● **What to work on**: Within the listing below, give again exactly the lines between the one containing "Xem chi tiếtDây" and the one containing "Handgefertigte Lederarmschienen „Baum", inclusive, pictures left aside.

● **Given data**:
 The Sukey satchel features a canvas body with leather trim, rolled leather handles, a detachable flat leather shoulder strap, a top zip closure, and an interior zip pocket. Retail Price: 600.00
--
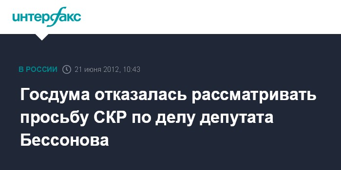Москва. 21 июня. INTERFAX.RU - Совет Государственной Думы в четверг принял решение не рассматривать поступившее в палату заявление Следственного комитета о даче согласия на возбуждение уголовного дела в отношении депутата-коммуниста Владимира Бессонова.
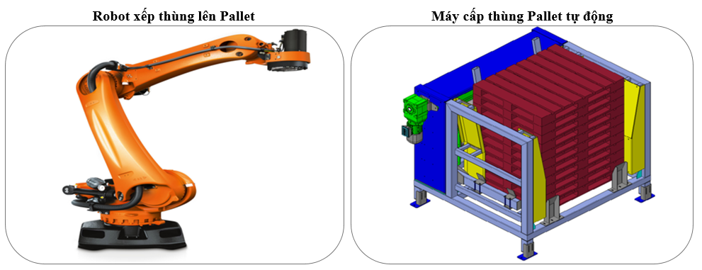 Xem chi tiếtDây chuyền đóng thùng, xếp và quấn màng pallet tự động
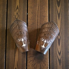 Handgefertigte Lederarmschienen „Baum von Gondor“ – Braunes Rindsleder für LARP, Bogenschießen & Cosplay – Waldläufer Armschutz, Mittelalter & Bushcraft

● **Result of this task**:
 Xem chi tiếtDây chuyền đóng thùng, xếp và quấn màng pallet tự động
 Handgefertigte Lederarmschienen „Baum von Gondor“ – Braunes Rindsleder für LARP, Bogenschießen & Cosplay – Waldläufer Armschutz, Mittelalter & Bushcraft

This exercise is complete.